AVS 66th International Symposium & Exhibition | |
Fundamental Discoveries in Heterogeneous Catalysis Focus Topic | Monday Sessions |
Session HC+SS-MoM |
Session: | Utilization of Theoretical Models, Machine Learning, and Artificial Intelligence for Heterogeneously-Catalyzed Reactions |
Presenter: | Zhongtian Mao, University of Washington |
Authors: | Z. Mao, University of Washington C.T. Campbell, University of Washington |
Correspondent: | Click to Email |
Reactions on surface usually consists of several elementary steps. It is known that the observed reaction kinetics often represents a composite of the contribution from each of these elementary steps. The “rate-determining step” (RDS) assumption is a common approach for dealing with multistep mechanisms, where a single step is assumed to dominate the reaction kinetic behaviors and the kinetic parameters of this RDS (e.g., net rate, activation energy) are good estimation for those of the overall reaction. However, RDS is not a rigorous concept in mathematics and there is no universal definition for RDS. Efforts have been made to clarify the actual physical meaning behind RDS, and the “Degree of Rate Control” (DRC) was raised as a rigorous mathematical approach to quantify to what extent the change of the Gibbs free energy of a species in the reaction scheme can affect the rate of the overall reaction. DRC analysis to reaction kinetics elucidates that there are only rate-determining species with non-negligible DRCs instead of rate-determining steps.
The apparent activation energy Eapp is determined by fitting the temperature dependence of the reaction rate to the Arrhenius law.
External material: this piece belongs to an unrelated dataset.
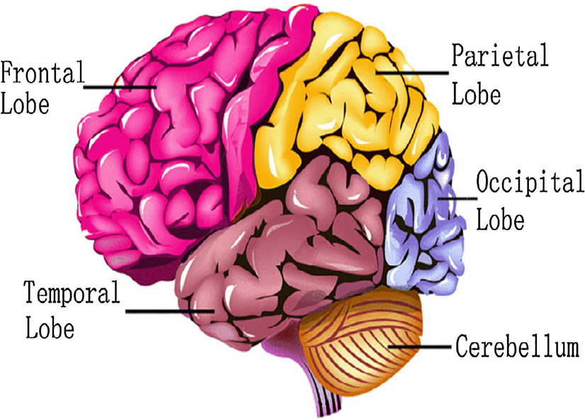 The cerebellum, cerebrum, and brainstem are the three major components of the human brain. The cerebral cortex, brain nucleus, and limbic system make up the cerebrum. Cognitive and higher-level emotional functions are principally controlled by the cerebral cortex. It is found on the human brain’s outermost layer, with a thickness of around 1-4 mm, and is primarily made up of grey matter, with white matter below [40]. The brain is divided into left and right hemispheres by a central sulcus in the middle. As shown in Fig. 3 [6], the Frontal Lobe, Occipital Lobe, Parietal Lobe, and Temporal Lobe are the four areas of the cerebral cortex. The functions of these four areas are distinct. The frontal lobe is placed before the brain’s central sulcus. It is in charge of higher cognitive activities. Prefrontal lobe, frontal motion area, and primary motion area are all part of it. They are mainly in charge of planning, thinking, and physiological functions associated with a person’s emotions and needs. Behind the central sulcus and just ahead of the occipital fissure is the parietal lobe. It is a sensory centre of the highest level. It is primarily responsible for the integration of somatosensory information as well as the reaction to spatial information such as pain, pressure, temperature, taste, and touch. This area is also linked to logical and mathematical thinking. Under the lateral fissure is the temporal lobe, with the frontal lobe in front, the occipital lobe in the back, and the parietal lobe above. It is primarily in charge of processing auditory and smell information, and is associated with emotion and memory (mental activities). Finally, the occipital lobe is situated behind the occipital sulcus, in the back of the hemisphere, and is mostly in charge of processing vision-related information. It also has to do with a person’s memory, behavioral perception, and abstract conceptions

It is believed that Eapp is a direct measurement of energy information in the RDS, which has been challenged by DRC analysis. A general and accurate elaboration of the microscopic origin of Eapp has not been reported except in cases where there is an analytical rate expression. Here a simple but general mathematical expression of Eapp in terms of the enthalpies of species in the reaction and their DRCs is derived. To verify the accuracy of this equation, microkinetic modelling of methanol synthesis through CO2 hydrogenation on Cu-based model catalysts under three different conditions was carried out based on previously-published DFT energetics. On pure Cu(211) at 450 K, there are only one transition state and only one intermediate with non-negligible DRCs, and Eapp estimated using our equation is within 1 kJ/mol of the true value. When the temperature is raised to 570 K, the surface sites are mostly unoccupied; and, when the model catalyst is promoted by Zn, there are four transition states with non-negligible DRCs, which means the single RDS assumption is not true. In both these complicated cases, the error of the estimated value for Eapp is still <1 kJ/mol.